Your vagina naturally maintains an acidic environment, typically between a pH of 3.8 and 4.5. When that balance shifts, opportunistic organisms like yeast can overgrow, causing infections. Boric acid helps restore that acidity, creating conditions where these organisms struggle to thrive. It’s particularly effective against stubborn or recurring yeast infections, including those caused by less common yeast strains that don’t always respond well to standard antifungal treatments.

For bacterial vaginosis, the CDC notes that boric acid can be part of a multi-step treatment plan for women with multiple recurrences, typically used for up to 21 days following an initial course of antibiotics. This longer protocol is something to discuss with a healthcare provider rather than self-treating.

What to Expect During Treatment

Mild vaginal irritation at the insertion site is the most commonly reported side effect and generally doesn’t require medical attention unless it becomes persistent or uncomfortable enough to interfere with your day. Some watery discharge is normal as the suppository dissolves.

What isn’t normal: unusual discharge that looks or smells different from your baseline, increased itching, or new odor. These could signal that the product is irritating your tissue or that the underlying infection needs a different treatment approach. If your symptoms worsen or don’t improve after completing the full seven days, it’s worth following up with your provider.

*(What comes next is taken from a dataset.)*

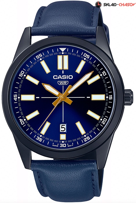 Мужские кварцевые наручные часы Casio MTP-VD02BL-2E. Калибр механизма — 5128. На данной модели отображается текущая дата. Стрелки и метки покрыты люминесцентным напылением (светятся в темноте). Кожаный ремешок. На корпус нанесено стойкое покрытие. Водонепроницаемость WR (3 атм).
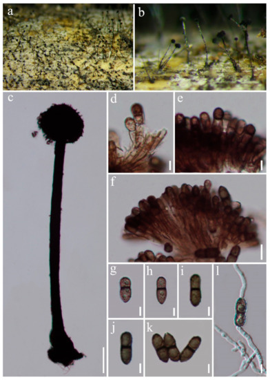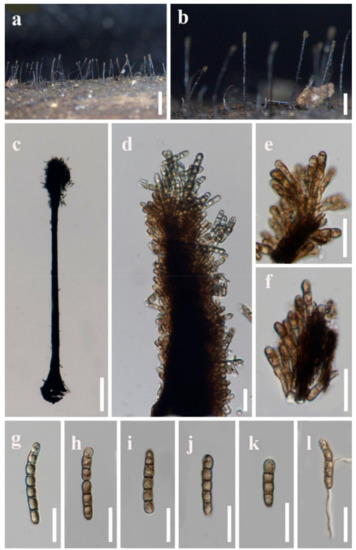 Vamsapriya uniseptata (GZAAS:21-0378, holotype) (a,b) Colonies on natural substrate. (c) Conidiophores and conidia. (d–f) Conidiogenous cells and developing conidia. (g–k) Conidia. (l) Germinated conidium. Scale bars: c = 100 µm, d,e,g,h = 5 µm, f = 10 µm.

Sex and Tampons During Treatment

Avoid both oral and penetrative sex for the entire course of treatment. Boric acid is toxic if ingested, which makes oral contact during treatment especially dangerous. After you finish the last suppository, wait an additional 24 to 48 hours before sexual activity to let any remaining traces flush out of the vagina and to confirm your symptoms have cleared.

Use panty liners rather than tampons during treatment. Tampons would absorb the dissolved suppository before it can do its job.

Who Should Not Use Them

Boric acid suppositories should not be used during pregnancy. Animal studies have shown that oral boric acid exposure during pregnancy caused reduced fetal weight and developmental malformations, and the safety of vaginal suppositories in pregnant women has not been adequately studied.

If you’re breastfeeding, the picture is more nuanced. Boric acid is a small molecule that can pass into breast milk, though the amount from vaginal use is likely quite low. For treatment courses of seven days or fewer at the standard 600 mg dose, the risk to a breastfed infant is considered minimal. If treatment extends beyond seven days, some experts recommend partially supplementing with formula or stored breast milk to reduce infant exposure. Treatment beyond 21 days is not recommended for breastfeeding women. Extra caution applies if your baby was born premature or has any kidney development concerns.

These suppositories are for vaginal use only. Boric acid is poisonous if swallowed. Keep them out of reach of children and pets, and never apply them to open wounds or broken skin.

Tips for Getting the Most Out of Treatment

Consistency matters. Skipping doses or stopping early because symptoms improve can allow the infection to bounce back. Complete the full seven-day course even if you feel better by day three or four.

For recurring infections, some protocols extend treatment to two weeks, followed by twice-weekly maintenance use for six months to a year. This kind of long-term plan should be guided by a healthcare provider who can confirm the type of infection you’re dealing with and rule out other causes of your symptoms.

Store the suppositories in a cool place. Since the base is cocoa seed butter, they can soften or partially melt in warm environments, making them harder to handle and insert cleanly. If they’ve gotten soft, refrigerating them for 15 to 20 minutes before use firms them back up.